# [INSTRUCTIONS TO FOLLOW]
Using the listing below, print the line containing "After the pot", the line containing "本項(xiàng)目成功在金", and each line between them, exactly and nothing else. Pictures stay out of the print.
....................
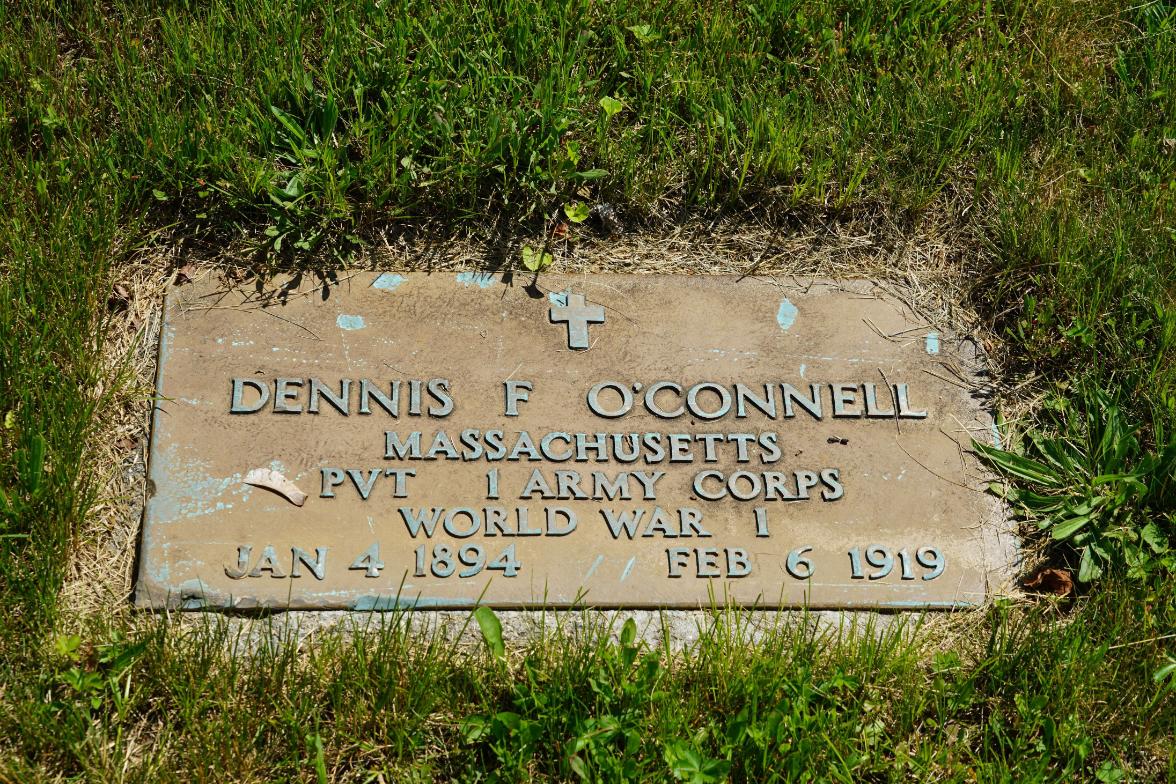 Dennis F. O'Connell was born on January 4, 1894. He served in the 1st Army Corps as a Private during World War I. He died of disease on February 6, 1919, in the hospital La Courneau, Camp Hunt in France. He was buried at Saint Bridget's Cemetery, Maynard, Middlesex County, Massachusetts, USA.
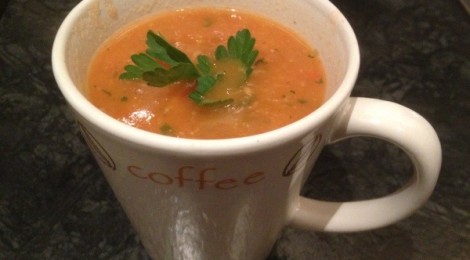 After the pot has simmered for another 5 minutes take it off the heat and pureé with a hand blender. Check the seasoning and adjust for your taste. Serve with a couple of parsley leaves on top and a big bit of crusty bread.
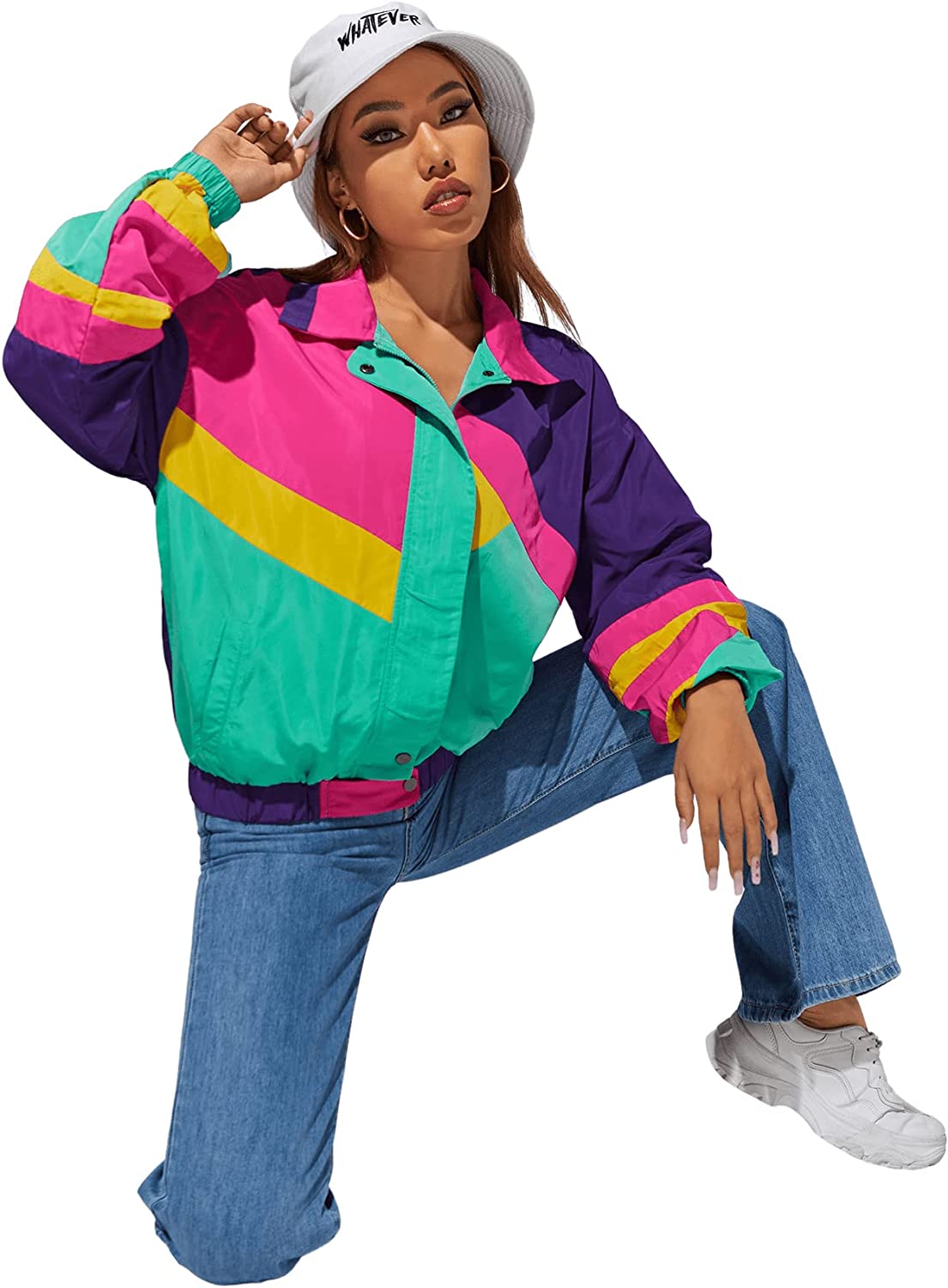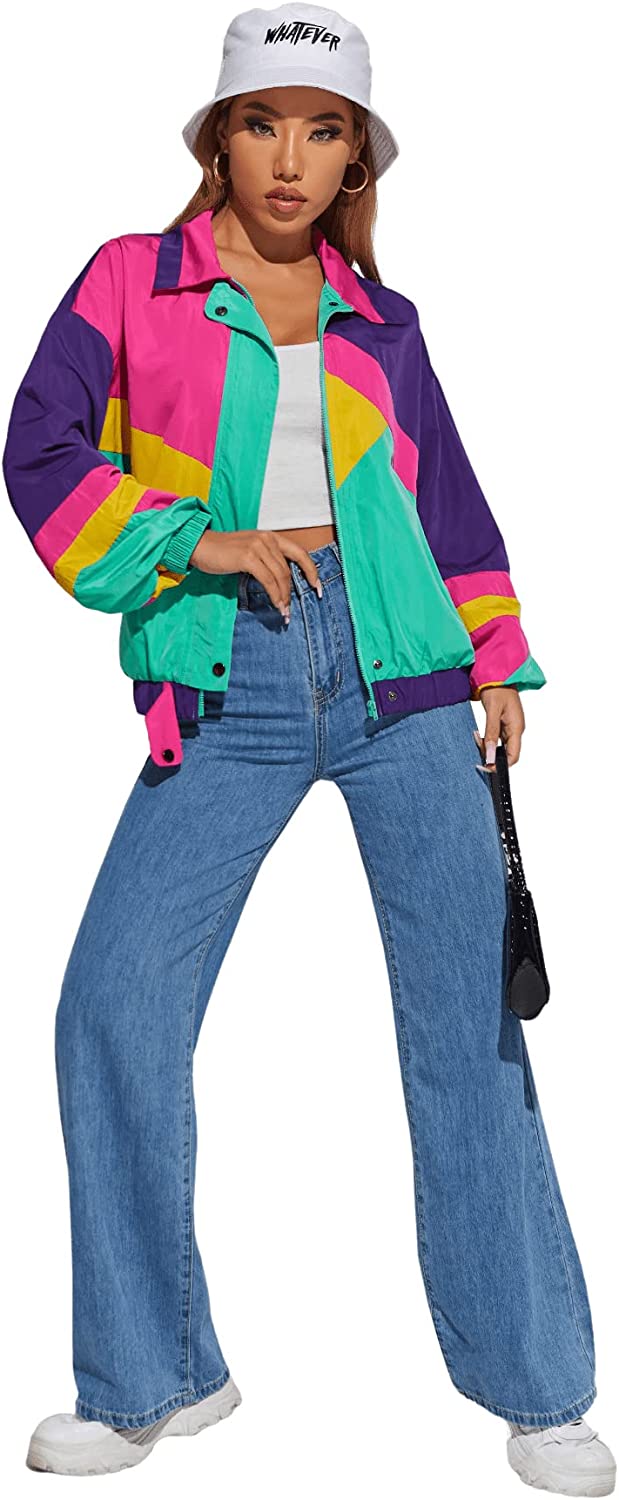 SweatyRocks Women's Casual Lightweight Color Block Bomber Jacket
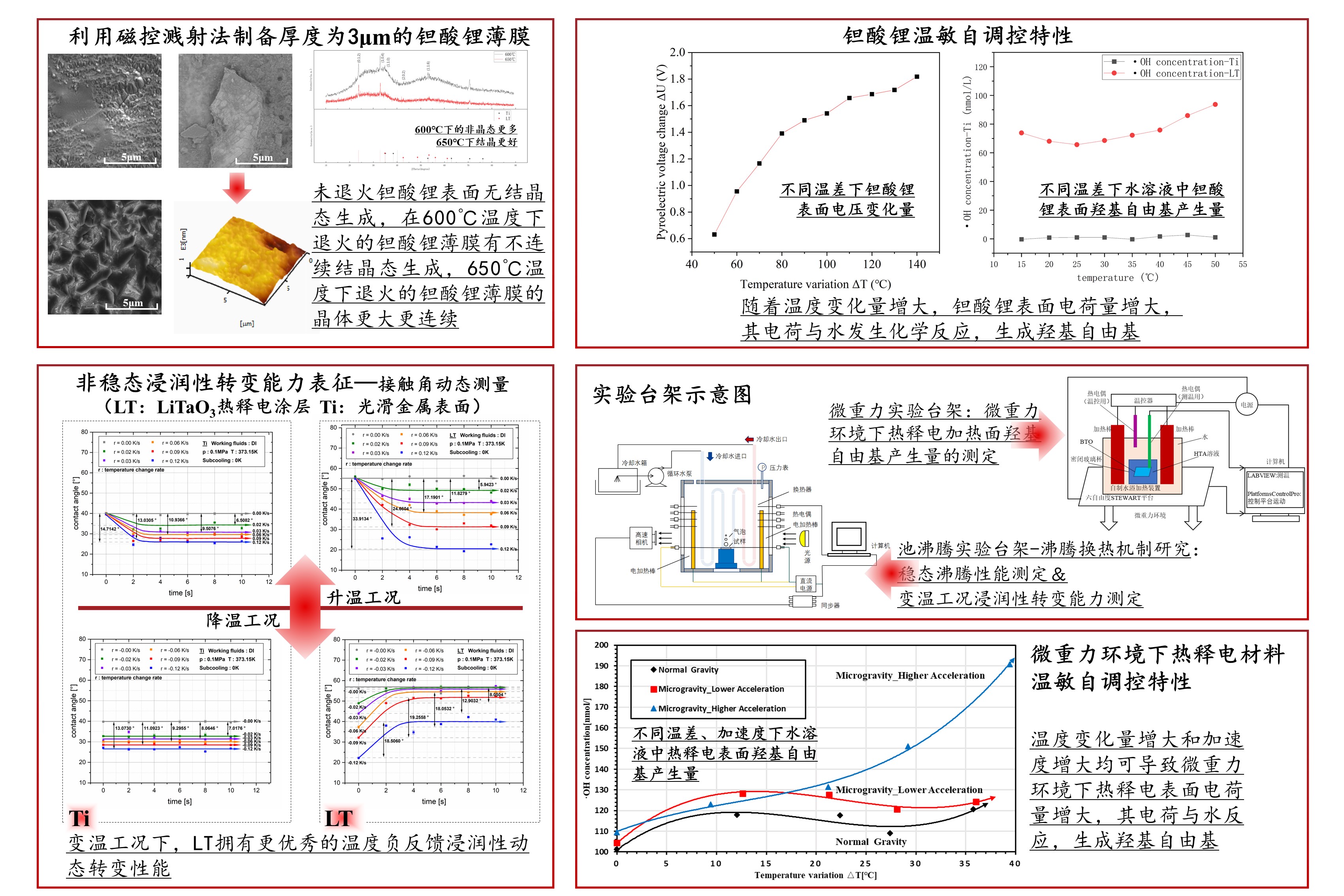 本項(xiàng)目成功在金屬鈦襯底上制備了微米厚度的高致密熱釋電涂層,并完成了對熱釋電涂層晶體的結(jié)構(gòu)分析、涂層表面與斷面圍觀形貌分析,得到了溫度變化與表面自由基產(chǎn)生量的關(guān)系曲線;成功設(shè)計(jì)并搭建了池沸騰試驗(yàn)臺(tái)架,并在穩(wěn)態(tài)下獲得了熱釋電涂層對沸騰傳熱增強(qiáng)的定量關(guān)系,非穩(wěn)態(tài)下獲得了熱釋電材料基于溫度負(fù)反饋的浸潤性自適應(yīng)變化效應(yīng)的定量關(guān)系,評估了各影響因素對實(shí)驗(yàn)結(jié)果的影響,總結(jié)出了熱釋電材料表面浸潤性溫敏自適應(yīng)調(diào)節(jié)的定量關(guān)系;成功設(shè)計(jì)并裝配了微重力環(huán)境的模擬裝置,探究了熱釋電材料在變溫及微重力環(huán)境下的浸潤性改變的機(jī)理,并利用化學(xué)方法對微重力環(huán)境下熱釋電材料的浸潤性進(jìn)行了分析。
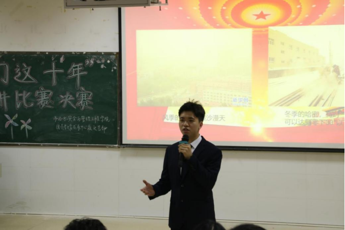 本次演讲比赛以“我们这十年”为主题,经过一系列激烈的角逐,共有十位优秀选手脱颖而出进入本次决赛。十位选手语言规范、表达流畅、声情并茂,用真实、鲜活的事例充分诠释新时代十年的伟大变革和非凡成就。比赛过程中还设置了党的二十大报告知识问答环节。经评委严格评审,符佳好获得一等奖,孙雯彬、马佳睿获得二等奖,顾治韬、秦烺、徐铮获得三等奖,张小妹、宋江滔、丁慧、杜森获得优胜奖。
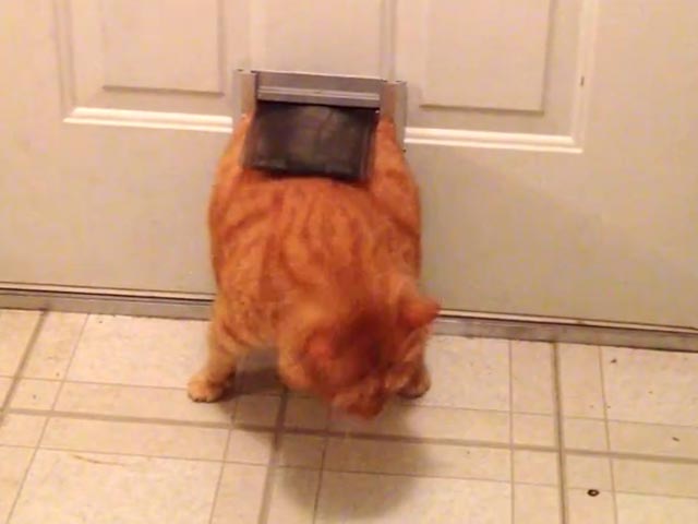В интернете обнаружен новый Гарфилд: 12-килограммовый кот еле протискивается в дверцу для питомцев (ВИДЕО)
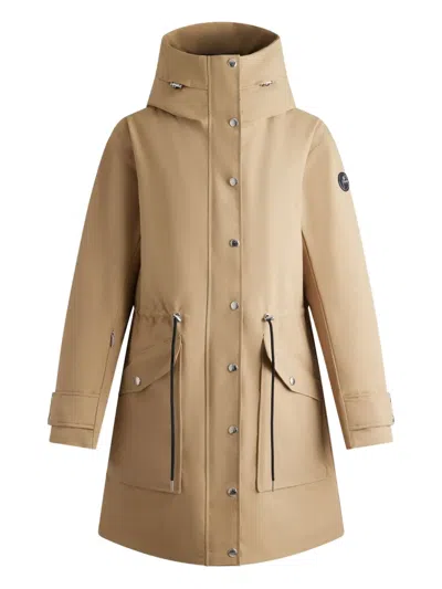 beige drawstring waist hooded neckline snap button fastening flap pockets long sleeves
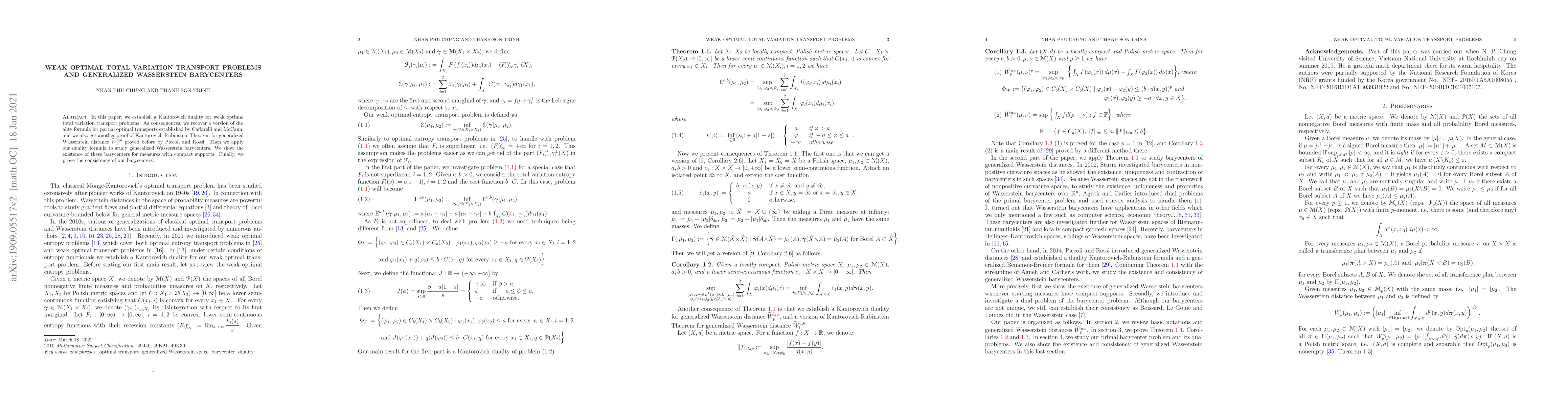 This paper establishes a Kantorovich duality for weak optimal total variation transport problems, leading to a version of duality for partial optimal transports and a new proof of the Kantorovich-Rubinstein Theorem for generalized Wasserstein distances. It also explores the existence and consistency of generalized Wasserstein barycenters for measures with compact supports.
....................
# [RESPONSE FOR THIS EXERCISE]
 After the pot has simmered for another 5 minutes take it off the heat and pureé with a hand blender. Check the seasoning and adjust for your taste. Serve with a couple of parsley leaves on top and a big bit of crusty bread.
 SweatyRocks Women's Casual Lightweight Color Block Bomber Jacket
 本項(xiàng)目成功在金屬鈦襯底上制備了微米厚度的高致密熱釋電涂層,并完成了對熱釋電涂層晶體的結(jié)構(gòu)分析、涂層表面與斷面圍觀形貌分析,得到了溫度變化與表面自由基產(chǎn)生量的關(guān)系曲線;成功設(shè)計(jì)并搭建了池沸騰試驗(yàn)臺(tái)架,并在穩(wěn)態(tài)下獲得了熱釋電涂層對沸騰傳熱增強(qiáng)的定量關(guān)系,非穩(wěn)態(tài)下獲得了熱釋電材料基于溫度負(fù)反饋的浸潤性自適應(yīng)變化效應(yīng)的定量關(guān)系,評估了各影響因素對實(shí)驗(yàn)結(jié)果的影響,總結(jié)出了熱釋電材料表面浸潤性溫敏自適應(yīng)調(diào)節(jié)的定量關(guān)系;成功設(shè)計(jì)并裝配了微重力環(huán)境的模擬裝置,探究了熱釋電材料在變溫及微重力環(huán)境下的浸潤性改變的機(jī)理,并利用化學(xué)方法對微重力環(huán)境下熱釋電材料的浸潤性進(jìn)行了分析。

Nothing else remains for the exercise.